Lower down are entries containing pictures. Copy exactly, without those pictures, the lines from the line with "ARTIX ZESTAW PĘDZLI" through the line with "Match headings a–d".

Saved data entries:
*** Block opens ***

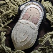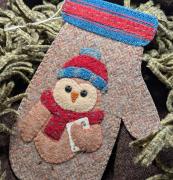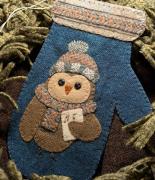Cute little Gertie Owl is holding her caroling music all dressed up in her favorite beanie and scarf. This mitten ornament is appliqued in wool using over-dyed cotton flosses and button eyes. Background wool is a beautiful over-dyed textured tan to make this a one of a kind 5" x 7" hand stitched heirloom ornament. Backing fabric is a wonderful homespun cotton. Design by Little Red Hen and lovingly stitched by me.
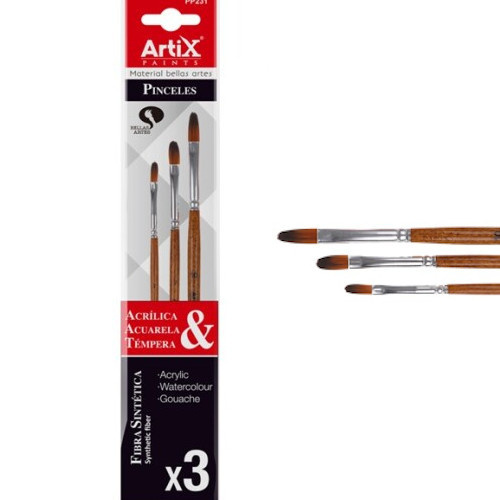 ARTIX ZESTAW PĘDZLI NYLONOWYCH KOCI JĘZYK 3 SZT. JASNY BRĄZ
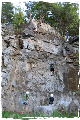With more than 200 horizontal feet of 40-foot to 60-foot climbs, as well as plenty of surrounding bouldering opportunities, the Goliath Wall has been bolted for top-rope use and boasts many climbing routes ranging from 5.6 to 5.10+. The Goliath Wall serves many purposes. In particular, it is a training wall for the outdoor leadership rock climbing and technical rescue rigging classes, as well as for the Hamilton County Cave and Cliff Rescue Team. Of course, it provides plenty of recreational climbing opportunities for students and the community, and it is an important part of the campus Dusk ‘til Dawn Adventure Race.
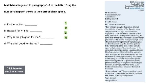 Match headings a–d to paragraphs 1–4 in the letter. Drag the numbers in green boxes to the correct blank space. a) Further action: ___________ b) Reason for writing: ___________ c) Why is the job good for me?: ___________ d) Why am I good for the job?: ___________
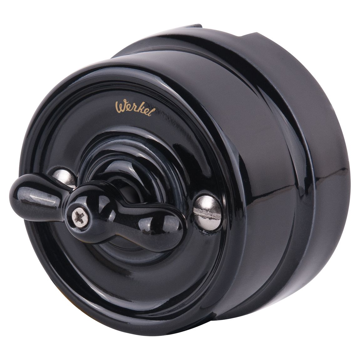 <p>Ретро переключатель одноклавишный (два положения) W5612008 в черном цвете 10 А 250 В, 50 Гц является важнейшим элементом любой домашней электросети, служащим для управления света. Выключатель представляет собой механизм с поворотным переключением, имеющий керамический корпус и сменную ручку-барашек. <p><p> Накладной переключатель не требует дополнительных работ по монтажу отверстий и его можно устанавливать на любые поверхности. Переключатель имеет удобное подключение проводов с сечением от 0.75 мм кв до 2.5 мм кв, которое осуществляется с помощью самозажимного механизма. <p><p> Керамический корпус обладает высокой механической прочностью, термостойкостью и диэлектрическими свойствами. Выключатель совместим со всеми ретро рамками из коллекций Werkel, характеризуется удобством использования и имеет эстетический внешний вид.<p><p> </div>
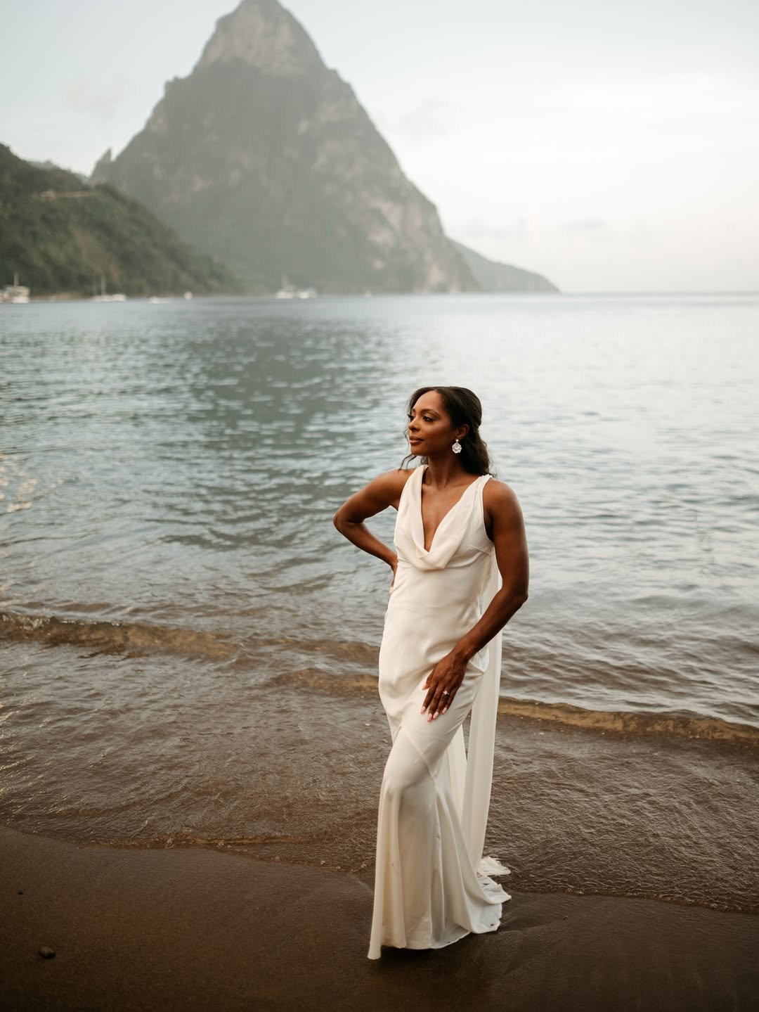 It’s simple but striking — the kind of gown that speaks through presence, not embellishment. Set against the mountain and ocean backdrop, it feels almost cinematic.
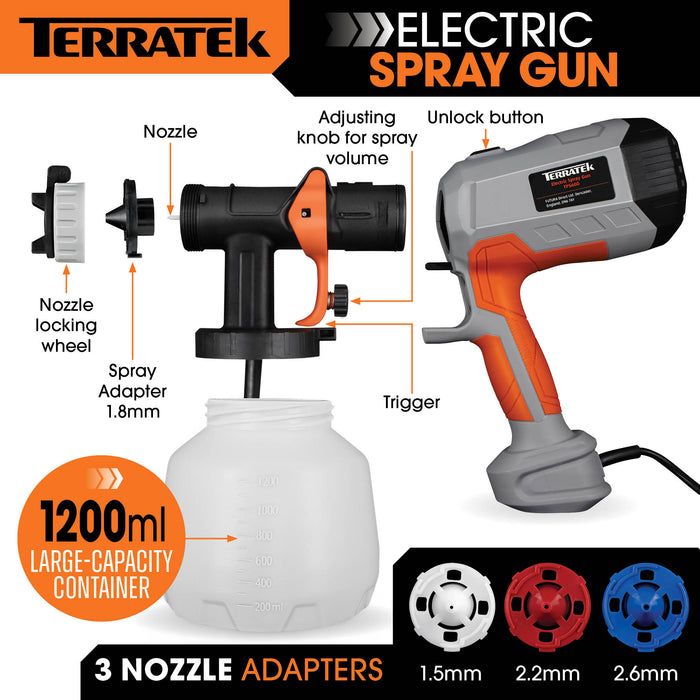 Powerful 600W Motor & 1200ML Capacity: The Terratek paint sprayer features a 600W motor to boost productivity, helping you finish projects faster. Its large 1200ML detachable container reduces the need for frequent refills. The lightweight design (1.6kg) and 2m electric cable with UK 3-pin plug make it easy to handle.
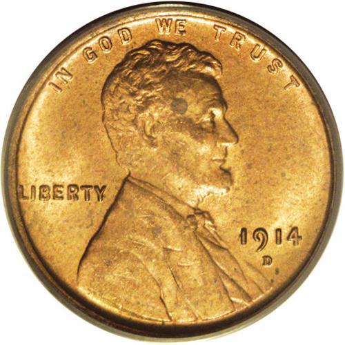 <B>1914-D<1C> MS64 Red PCGS.</B></I> Lustrous and nicely struck, this near-Gem shows attractive copper-tan coloration and minimally abraded surfaces overall. Scattered flyspecks and several slightly larger carbon spots, near the center on each side, seemingly prevent a higher grade assignment. One of the two main key dates in the Lincoln cent series, along with the vaunted 1909-S VDB. In a green label holder.
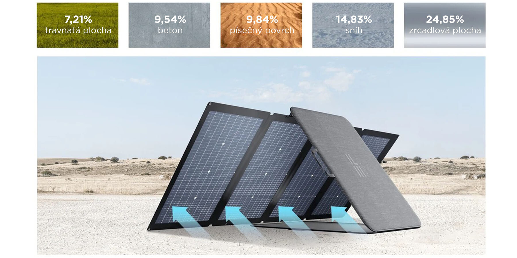 Oboustranný přenosný solární panel EcoFlow dosahuje na přední straně výkonu až 220 W a na zadní straně až 155 W pomocí odraženého světla. Právě zadní strana tak dokáže zachytit až o 25% více solární energie a ještě rychleji tak dobít bateriovou stanici. Kompaktní a skladný
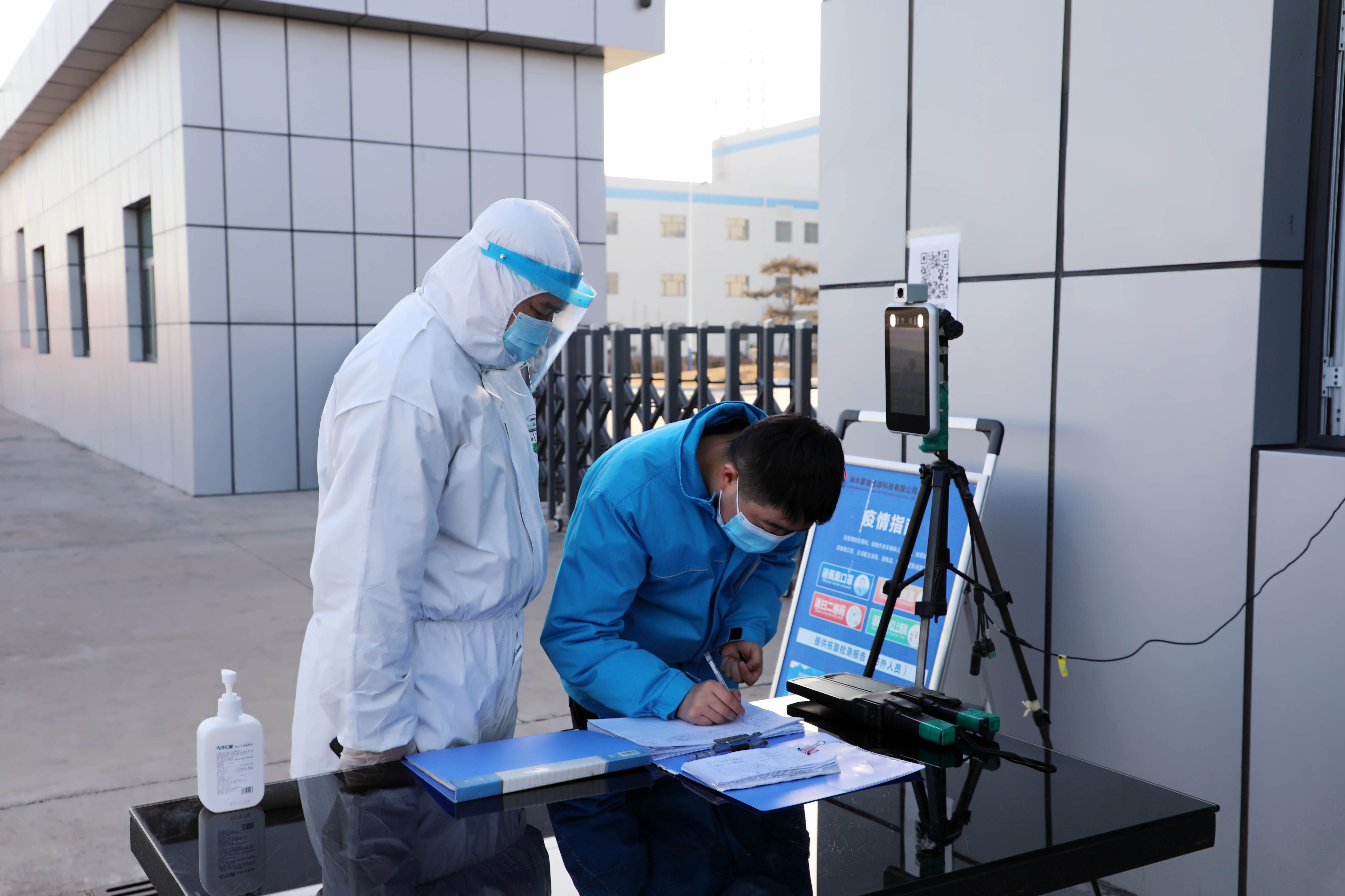 穿上防護服
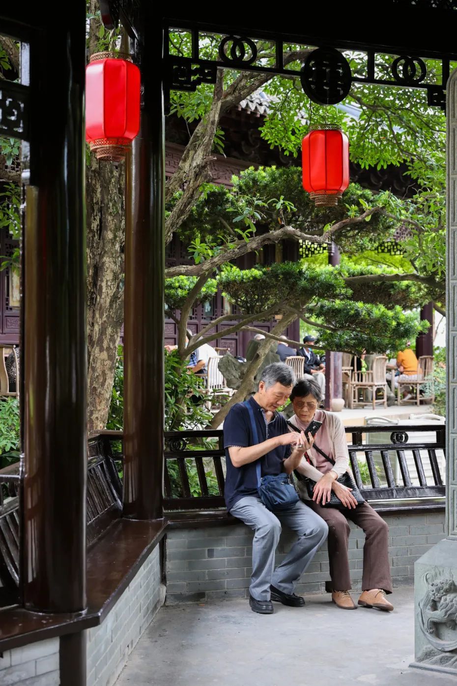 公园内建筑古色古香,林荫曲径通幽,尤其是亭廊阁宇极具特色,是一座独具江南古典园林气质的四星级公园。在园中,最能表现出其江南古典园林特征的,除了有四教厅、八仙台、鸳鸯楼、观音阁、般若舫、飞香厅这些建筑体景点,还有丰富多彩各具亮点的18座中式亭。此次修缮工程秉持“不改变建筑原貌”的设计理念,不改变现存建筑的结构、外貌、装饰、色彩,恢复建筑原来面貌,对已损坏的构件进行修复,并对现状建筑尽可能地合理使用,因地制宜,提高建筑利用功效。
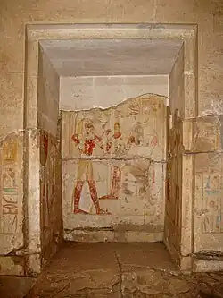 An der Rückseite der zweiten Pfeilerhalle, der Südwestseite, führen drei Türöffnungen zu den Kapellen der drei Hauptgötter des Tempels. Das mittlere Heiligtum galt der Verehrung des Osiris, links daneben befand sich der Raum, der Horus geweiht war, rechtsseitig die Kapelle der Isis.[10] Vor dem Eingang des Osirissanktuars wurde nachträglich eine Alabasterstele errichtet, die ursprünglich nicht in diesen Tempelteil gehörte. Von der ehemaligen Alabasterauskleidung des Heiligtums ist kaum noch etwas vorhanden. Das Steindach fehlt ebenso und wurde durch ein Holzbalkendach zum Schutz vor Witterungseinflüssen ersetzt.

*** Block closes ***

**PROBLEM SOLUTION**
 ARTIX ZESTAW PĘDZLI NYLONOWYCH KOCI JĘZYK 3 SZT. JASNY BRĄZ
With more than 200 horizontal feet of 40-foot to 60-foot climbs, as well as plenty of surrounding bouldering opportunities, the Goliath Wall has been bolted for top-rope use and boasts many climbing routes ranging from 5.6 to 5.10+. The Goliath Wall serves many purposes. In particular, it is a training wall for the outdoor leadership rock climbing and technical rescue rigging classes, as well as for the Hamilton County Cave and Cliff Rescue Team. Of course, it provides plenty of recreational climbing opportunities for students and the community, and it is an important part of the campus Dusk ‘til Dawn Adventure Race.
 Match headings a–d to paragraphs 1–4 in the letter. Drag the numbers in green boxes to the correct blank space. a) Further action: ___________ b) Reason for writing: ___________ c) Why is the job good for me?: ___________ d) Why am I good for the job?: ___________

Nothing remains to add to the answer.